Sanık hakkında yeterli şüphe varsa kamu davası açılır ancak; her türlü şüpheden uzak, kesin, yeterli, inandırıcı delil yok ise sanığa şüphe ile ceza verilemez. Ana kural budur.
Dosya kapsamına gelince, olaydan 40 yıl kadar önce sanıkların babası Cemil’in, maktulun ailesinden bir kaç kişiyi öldürdüğü, ancak maktulü öldürmeye fırsat bulamadan yurt dışına kaçtığı, Cemil’in ölmeden oğulları olan Vedat ve Mehmet Ağca’ya maktulü öldürmelerini vasiyet ettiği, onların da bu vasiyet üzerine Türkiye’ye giriş yaparak babalarının vasiyetinin gereğini yapıp maktulü öldürdükleri varsayımı ile sanıklara mahkumiyet cezası verilmiştir.
Sanıkların maktulün ölüm tarihinde Türkiye’de bulunmaları dışında dosyada aleyhlerine sayılabilecek tutarlı hiç bir delil yoktur.
Sanıkların bu olay öncesi veya sonrasında Türkiye’ye başkaca gelip gelmedikleri de araştırılmamıştır. Sanki bu olay dışında hiçbir şekilde sanıklar Türkiye’ye gelmemiş de bu olay nedeniyle gelip maktulü vurduktan sonra tekrar yurtdışına gitmişler şeklinde bir kabul oluşturulmuştur.

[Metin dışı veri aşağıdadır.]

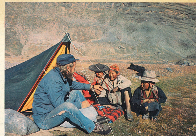
Herzlicher Kontakt trotz Sprachschwierigkeiten: Biwak auf fast 5000 m Höhe in den Anden
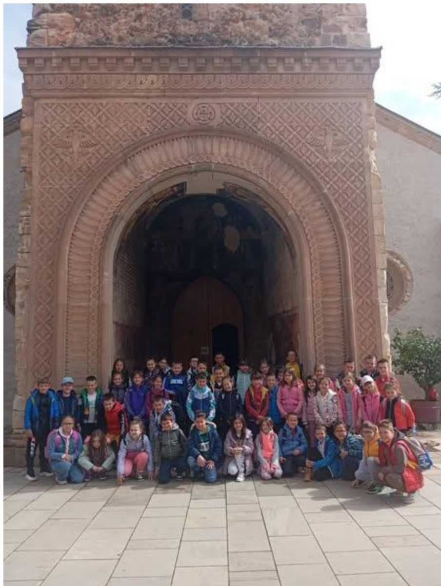
26. април – Изведена је екскурзија за ученике издвојених одељења. Посетили су Оплепац, Карађорђево градо, Рисовачку пећину и Буковичку бању.
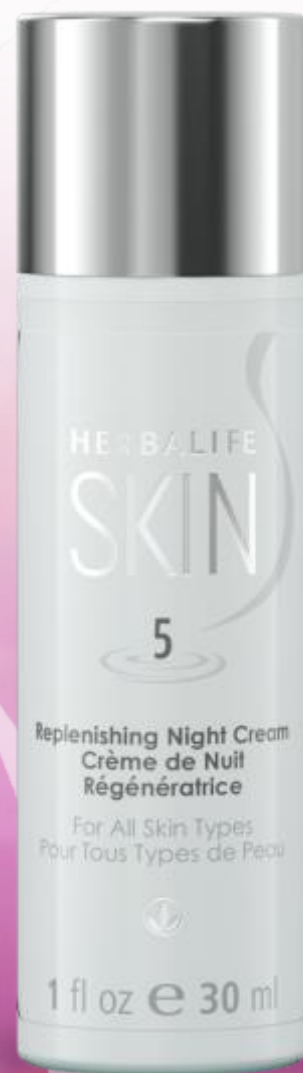
30 mL真空按壓瓶 #0774

† 使用者實驗：使用8小時測量肌膚含水量，100%受試者顯示8小時後肌膚含水量倍增。
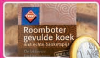
Koeken roomboter gevulde koeken, fondant cake, super mergpijpen of super bokkenpoten toefzak 175, 300 of 400 gram 1,89 - 1,99
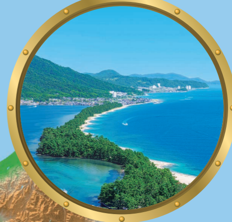
7 天橋立 日本三景の一、自然美の湾口砂州

Maktulün kardeşlerinin olaydan hemen sonra verdikleri ifadelerinde; aracın içini göremediklerini, zira camlarında film kaplı olduğunu söylemiş, sonradan ise araç içindeki sanıkları her nasılsa teşhis etmişlerdir. (Maktulün kardeşlerinin sanıkların aleyhine geliştirilen beyanlarına itibar edilemeyeceği Dairemizin yerleşik içtihatlarındandır).

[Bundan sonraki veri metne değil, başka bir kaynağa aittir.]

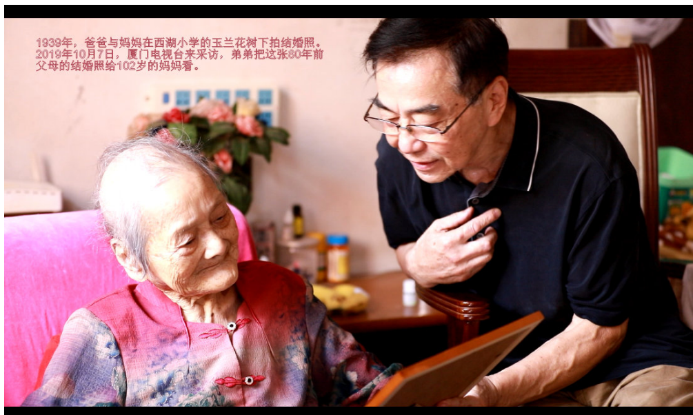
1939年，爸爸与妈妈在西湖小学的玉兰树下拍结婚照。2019年10月7日，厦门电视台来采访，弟弟把这张80年前父母的结婚照给102岁的妈妈看。

岁月如斯，愿百岁妈妈知道。我们感恩，我们记住。愿遇难68年的年轻的（37岁）爸爸在天之灵安息。 燕南 题于 2017.10.11

Sanıkların aleyhine beyanda bulunan ve olaydan 2 ay sonra ifadeye gelen tanık ...’ın başka bir ceza dosyasında yalan tanıklık yapmaktan kesinleşmiş mahkumiyetinin bulunması, yerel mahkemenin bu tanığı niçin 2 ay sonra konuşmak aklına geldi diye sorgulamayıp beyanlarına itibar etmesi de tarafımızdan makul görülmemiştir.
Devlet, hakimiyeti altındaki coğrafyada işlenen suçları araştırıp sorumlularını bulmak zorundadır, ancak bunu yaparken çeşitli kurumları aracılığı ile ve yerleşik Adalet ilkelerine de uygun davranmaya mecburdur.

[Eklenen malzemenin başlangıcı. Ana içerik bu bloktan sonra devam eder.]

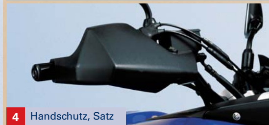
4 Handschutz, Satz
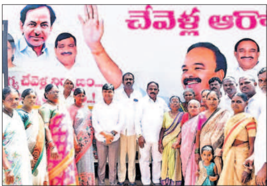
ఆరోగ్య రథ సేవలను ప్రారంభిస్తున్న ఎమ్మెల్యే యాదయ్య

Olaydan sonra sanıkların teknik dinlemesi yapılmış, bundan da sanıkların aleyhine bir delile ulaşılamamıştır.
Tüm deliller ve değerlendirmelere rağmen tüm sanıkların müsnet suçu işlediğine dair aleyhlerine şüphe dışında hiç bir delilin bulunmadığı, şüphenin de sanık lehine yorumlanmasının zaruri olduğu, buna rağmen yerel mahkemece bu ilkenin ihlal edilerek sanıkların müsnet suçtan beraatine ve gerçek sorumluların tesbiti için suç duyurusunda bulunmasına karar vermek yerine, sanıkların nitelikli adam öldürme ve bu suça yardımdan ayrı ayrı cezalandırılmalarına dair kararını onaylayan Dairemiz çoğunluğunun görüşüne katılmıyorum.
20/11/2019 gününde verilen işbu karar Yargıtay Cumhuriyet Savcısı ..."ın huzurunda ve duruşmada savunmasını yapmış bulunan sanıklar ..., ... ve ... (Mehmet oğlu), müdafii Avukatlar ..., ..., ... ve ..."nun yokluklarında 21/11/2019 gününde usulen ve açık olarak anlatıldı.